病状の説明を受けて、私たち兄弟は「決して無用な延命措置はしないように」という母の意思を尊重する事にしました。
それからは、毎日兄弟家族が危篤状態の母の病室に集まりました。意識もない、口も利けない、半身不随の母の手や足をさすりながら、昔話や他愛無い世間話をして一日の大半を過ごす事となったのです。考えてみたら、物心ついてからは、それぞれ自分の生活が忙しく、なかなか兄弟揃って一日中一緒にいる事など、ありませんでした。
この年になると、お互いを認め合える余裕が生まれ、若い頃に感じていた兄弟に対する確執が少し変化している事に気づきました。特に学生のころからドイツ哲学を専攻してきた兄は、私の想定を超える人物であり、簡単な問いかけにも、禅問答のような返答がある時など、一生この人を理解することはないだろうと常々感じていました。
しかし、母を見舞う空間の中に、兄嫁の母に対する温かい想いや、兄の依怙地に感じていた不器用さがひしひしと伝わってきたのです。
みんなが心を一つにして、穏やかに母を送ってあげようという想いの礎は、今まで当たり前に感じていた家族の絆、そして母が溢れんばかりに注いでくれた愛情の賜物でした。
母の病室で分かち合った兄弟家族のほのぼのとした時間は、母が最後にくれた最高の贈り物でした。

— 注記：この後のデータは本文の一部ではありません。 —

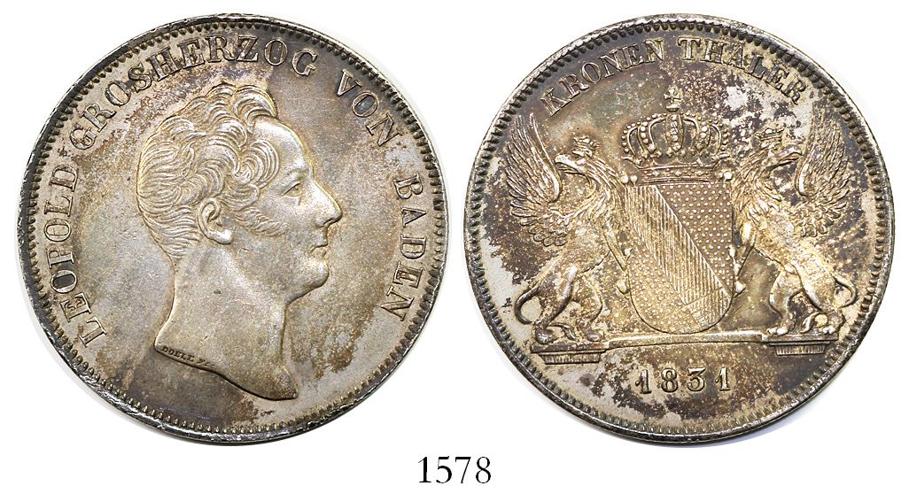 Baden, German States, 1 thaler, Leopold I, 1831. KM-195.1. 29.43 grams. Problem-free AU+ with rich but uneven toning.

私が作詞した「蒼穹の旅人」の音楽の中で、花祭壇に飾られた母の遺影は、華やかに微笑んでいます。
これは、昨年「東日本大震災のチャリティーコンサート」で初披露した楽曲です。この楽曲を聴くために、母が文京区のシビックホールに来てくれたのが、昨日の事のようです。
歌と踊りが大好きだった母は、今頃故郷の信州の山をバックに、思う存分歌い踊りまくっている事でしょう!!

「子供の一番の親孝行はね、親より一分一秒でも良いから長生きをして、親を送ること。
それが出来れば満点よ!!」
母はいつもそう言ってにっこり笑ったものでした。
私たちは無事に一番の親孝行が出来ました。

ありがとう!! おかあさん、、、。